I just remember when tree work was a honerable trade. Along with ALL the trades . painting, roofing , plastering, well anyway I should shut up.Some of you know what I mean.


----------



## Nickrosis (Sep 25, 2002)

Don't talk about women's underwear, Stumper!

Every night, I've set a goal to study Spanish, French, and German. As much as I'd like to learn more Polish to communicate with the beautiful ladies of that fine country.... They speak English well enough already, especially Jola and Basia.  

Sonny, it's an international world, and the more we prepare for it, the better off we will be.


----------



## Nickrosis (Nov 16, 2004)

And now I'm struggling to get Spanish everyday! But I'm picking up some Korean now. 

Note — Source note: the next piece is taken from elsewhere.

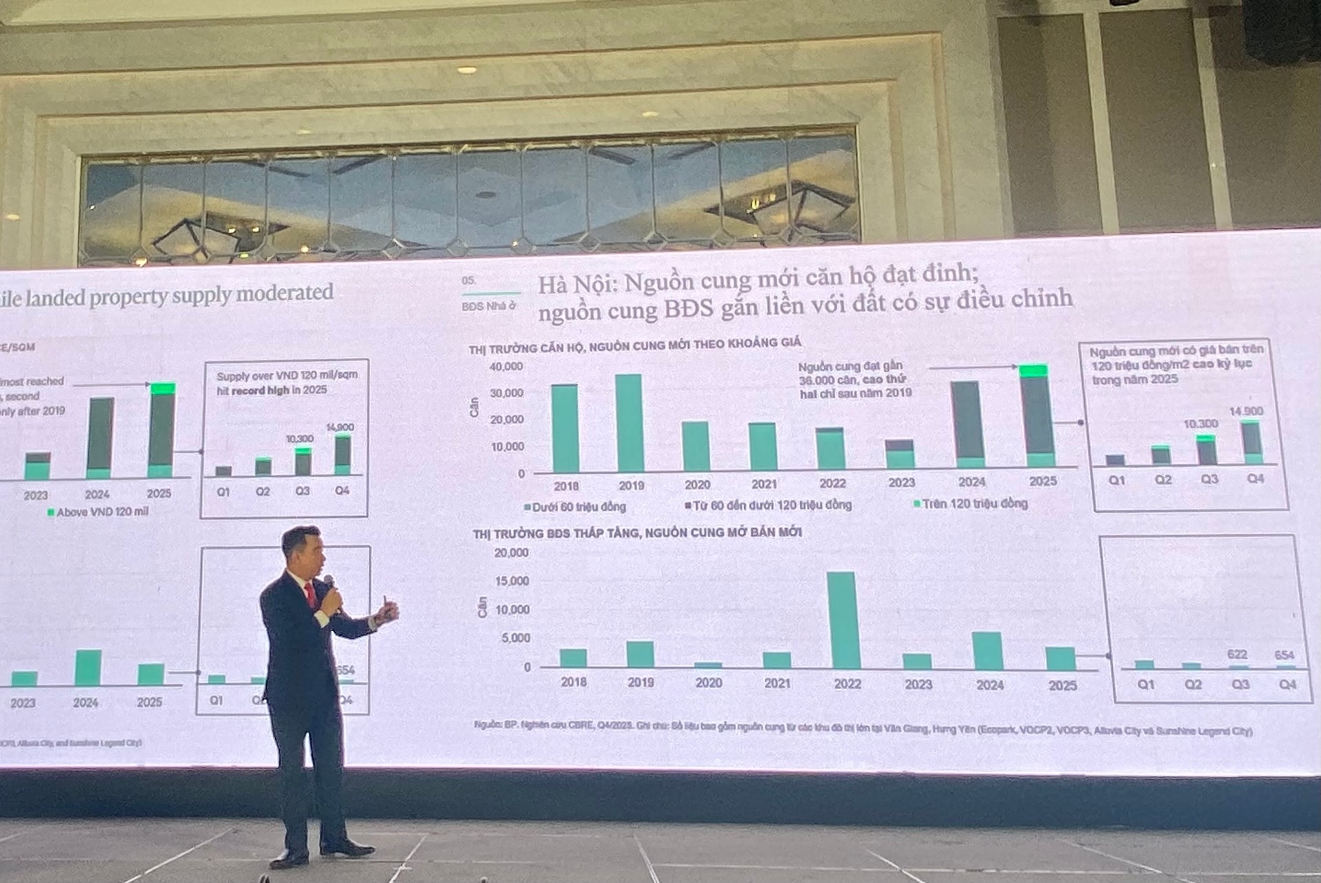 Đại diện CBRE cung cấp thông tin về nguồn cung căn hộ mới tại Hà Nội trong quý 4-2025. Ảnh: T.H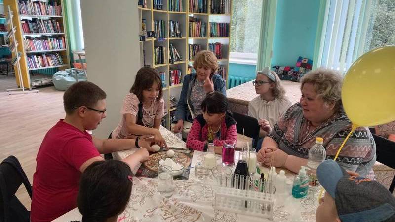 В зале интеллектуального досуга «Фокус» был настоящий ажиотаж! Художник Мария Семёновых учила ребятишек нестандартным техникам рисования: творить с помощью красок, губок для посуды, трафаретов и объединять все это в сюжеты.

I love my multicultural world.


----------



## Stumper (Nov 16, 2004)

Kimchi!


----------



## Nickrosis (Nov 16, 2004)

I learned the word for "asterisk" in Korean and Spanish today. My group mates are from Venezuela and South Korea for my marketing class.

It's a riot! They're so much fun to be around. And loaded with cash, too....


----------



## techdave (Nov 16, 2004)

*Espanol--claro que si*

Ola Nickrosis. Si, yo hablo Espanol pero es estilo, "Chicano" , y no es perfecta. Pero quisas mas importante, soy bi-cultural. Mis Abuelitos son Californio y Chihuahuense. (My" Anglo"grandparents were Scots-Irish, and German-English. ) 

Dave Hernandez
Jamul Ca (San Diego)

Es agradable ser importante 
pero
Es mas importante ser agradable


----------



## MasterBlaster (Nov 16, 2004)

2 tea in s ahh fu-mar? No tango!


----------



## Stumper (Nov 16, 2004)

Butch , What's this "No Tango" stuff-you said you were a good dancer!


----------